Personal information
- Full name: Damion Lamar Downs
- Date of birth: July 6, 2004 (age 22)
- Place of birth: Werneck, Germany
- Height: 1.92 m (6 ft 4 in)
- Position: Striker

Team information
- Current team: St. Louis City (on loan from Southampton)
- Number: 42

Youth career
- 1. FC Schweinfurt 05
- 2018–2020: FC Ingolstadt
- 2020–2023: 1. FC Köln

Senior career*
- Years: Team / Apps / (Gls)
- 2023–2024: 1. FC Köln II / 22 / (7)
- 2023–2025: 1. FC Köln / 39 / (12)
- 2025–: Southampton / 11 / (0)
- 2026: → Hamburger SV (loan) / 12 / (0)
- 2026–: → St. Louis City (loan) / 4 / (0)

International career^{‡}
- 2024: Germany U20 / 6 / (2)
- 2025–: United States U23 / 1 / (0)
- 2025–: United States / 6 / (0)

Medal record
Representing United States
Men's football
CONCACAF Gold Cup
| Runner-up | 2025 Canada–United States |  |

= Damion Downs =

Soccer player (born 2004)

Damion Lamar Downs (born July 6, 2004) is a professional soccer player who plays as a striker for Major League Soccer club St.
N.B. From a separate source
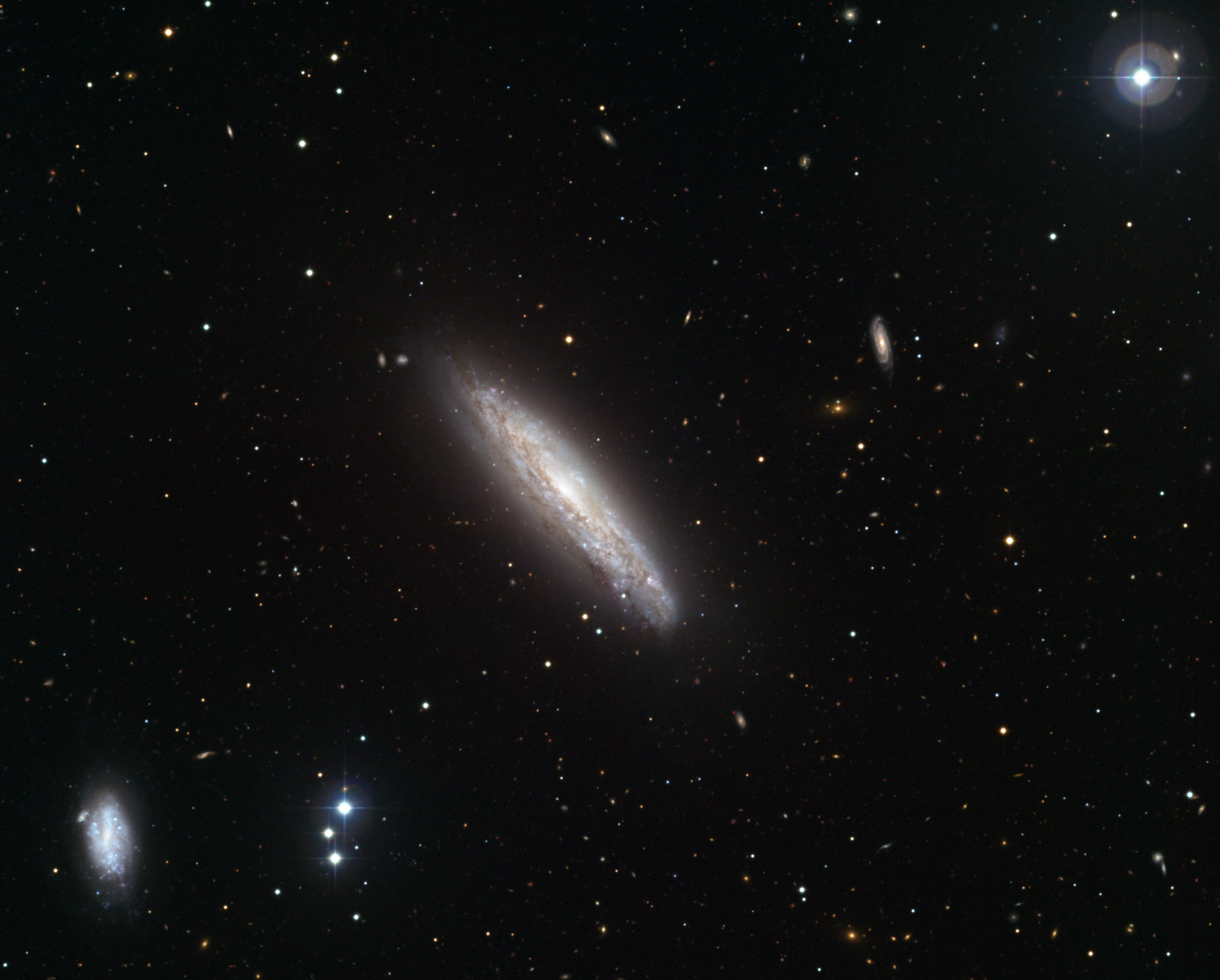 This visible light image, made with the Wide Field Imager on the MPG/ESO 2.2-metre telescope at the La Silla Observatory in Chile, shows the galaxy NGC 4666 in the centre. It is a starburst galaxy, about 80 million light-years from Earth, in which particularly intense star formation is taking place. The starburst is thought to be caused by gravitational interactions with neighbouring galaxies, including NGC 4668, visible to the lower left. A combination of supernova explosions and strong winds from massive stars in the starburst region drives a vast outflow of gas from the galaxy into space — a so-called “superwind”. NGC 4666 had previously been observed in X-rays by the ESA XMM-Newton space telescope, and these visible light observations were made to target background objects detected in the earlier X-ray images. This picture, which covers a field of 16 by 12 arcminutes, is a combination of twelve CCD frames, 67 megapixels each, taken through blue, green and red filters.

Louis City, on loan from club Southampton. Born in Germany, he represents the United States national team.

==Early life==
Downs was born in Germany to an American father and German mother. When he was one year old, he and his family moved to the United States where he was raised in Texas for much of his childhood, played American football, and adopted English as his first language. Downs did not play soccer until nine years old when he moved back to Germany.

==Club career==

=== 1. FC Köln ===
Downs is a youth product of 1. FC Schweinfurt 05 and FC Ingolstadt. On September 28, 2020, he joined the youth academy of 1. FC Köln. He was promoted to 1. FC Köln II in 2023, and signed his first professional contract with the club on May 2, 2023 until 2026. On September 23, 2023, he debuted with the senior Köln team as a late substitute in a 2–1 Bundesliga loss to Werder Bremen.

Downs scored his first career Bundesliga goal on March 9, 2024 against Borussia Mönchengladbach. On May 11, 2024, he scored the match-winner in stoppage time against Union Berlin. Downs finished the season with two Bundesliga goals in just 173 minutes played, receiving limited opportunities in his club's relegation.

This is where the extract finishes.